Ей еще ни разу не доводилось использовать это слово, но ее успокаивало сознание того, что такое слово есть. Домой!

Поначалу, когда Том ее "объезжал", когда боялся, что она еще может взбрыкнуть, он проявлял осторожность. Нельзя сказать, что Карен была шокирована, узнав о вышеописанных пристрастиях мужа. Они казались вполне невинными, к тому же ее заинтриговывал контраст между холеным, сдержанным, здравомыслящим мужчиной, каким Том представал перед миром, и этой другой стороной его натуры. Его игры не подразумевали причинения серьезной физической боли. Как-то он признался ей, что не находит удовольствия в том, чтобы идти на поводу у своих страстей, что искусство любви требует дисциплины, что его кредо - сдержанность во всем. Но со временем его потребность муштровать и контролировать жену - всегда для ее же блага - переросла в нечто такое, над чем он, как ей казалось, все больше и больше терял контроль. Особенно после того, как она забеременела Недом.

В клинике Карен предупреждали, что, возможно, ее муж будет проявлять признаки неуверенности в себе. Доктор Голдстон дал ей отеческий совет: попытайтесь взглянуть на все с его точки зрения. Вы забеременели от семени другого человека, пусть даже из пробирки, поэтому со стороны вашего супруга вполне вероятна некая подсознательная реакция, риск иррациональной ревности. Это пройдет… когда ребенок будет постарше. Как и следовало ожидать, в поведении Тома появились перемены: недоверие, одержимость, растущее желание подвергать ее наказаниям, вплоть до такой вот неспецифической злобы.

Он боялся ее потерять.

Однако Нед рос, а это все не проходило. Но Карен знала: если у Тома и бывают "иррациональные" страхи, то они вполне обоснованны, и поэтому ей ничего не оставалось, как повиноваться его требованиям, - продолжая встречаться с Джо и строя с ним совместные планы на будущее, - как бы ненавистны ей эти требования ни были.
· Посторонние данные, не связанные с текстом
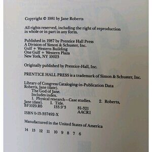 "The God of Jane: A Psychic Manifesto" by Jane Roberts, published in 1981, is a 276-page book on spiritualism, exploring body, mind, and spirit, with an ISBN-10 of 013357492X.

Том отсутствовал целый час, а может, и больше, - она утратила чувство времени. Эти несколько мотков веревки вполне могли сойти за железные оковы - так неотвратимо было рабство. Ей показалось, узлы были крепче обычного, обвязки жестче, но она полагалась на здравый смысл мужа. Она все еще ему доверяла. Беспомощность, необремененность какой бы то ни было ответственностью давали ей некоторое ощущение свободы.

Легкий бриз всколыхнул маркизу над балконом. Ночной воздух, напитанный ароматом сирени, холодил кожу. Карен стало казаться, что не веревки Тома, а сам дом держит ее на привязи, не давая сбежать. На какой-то безумный миг она позволила себе представить, каково было бы жить в Эджуотере с Недом и его родным отцом. Они, конечно, ни за что здесь не останутся - после того, как это случится, - даже ради мальчика, но, как справедливо заметил Серафим, ничто не помешает им уехать.

После того, как это случится? Будто она уже приняла этот кошмар как данность. После того, как это случится… в календаре день еще не отмечен, но место в аду уже забронировано.

Том никогда не заставлял ее ждать так долго.

Он стегал ее зеленым кожаным хлыстом для верховой езды в виде изящно сходящей на нет косички с петлей на конце. Самыми жгучими были удары, попадавшие по старым ранам. Всякий раз как ее плоть содрогалась от боли, веревка между ног резала еще сильнее. Может, до крови. Карен стонала, но не возмущалась. Эту боль она могла бы назвать благостной.

Потом он спустил ее вниз и положил поперек кровати. Развязал веревки, снял маску, натер мазью ноющие суставы и затекшие члены, чтобы восстановить кровообращение. Временами Карен казалось, что Тому необходимо ее наказывать, потому что так ему было удобнее выражать свою несомненную любовь к ней. Он чуть ли не ласково спросил ее, готова ли она сделать все, что он ей прикажет.

Не услышав ответа, он схватил ее одной рукой за запястья, а другой с размаху хлестнул по лицу. Она повалилась набок и скатилась с кровати на пол. Он встал над ней, занеся руку для очередного удара, и она испуганно съежилась, притянув колени к подбородку.

- Ты же знаешь, что да, - прорыдала она.

Он помог ей подняться на ноги, но только для того, чтобы снова ударить ее - еще больнее, на сей раз по затылку, где не остается синяков. Она покачнулась, но не упала.

Как-то это мало походило на игру.

Во рту появился сладковатый привкус. Карен подумала, не пора ли прибегнуть к спасительному слову, но побоялась потратить его впустую - хуже того, обнаружить, что в данных обстоятельствах оно утратило способность предотвращать жестокость.

Что ж, так ей и надо.

Он велел ей встать на колени. Почтительно поклонившись, жалкая в своем желании подвергаться унижениям с его стороны, она опустилась перед ним на колени и дрожащими, влажными пальцами развязала пояс на его халате.

Наконец он ее оттолкнул, и по его взгляду она поняла, что это была месть, что он все знает и теперь собирается ее убить.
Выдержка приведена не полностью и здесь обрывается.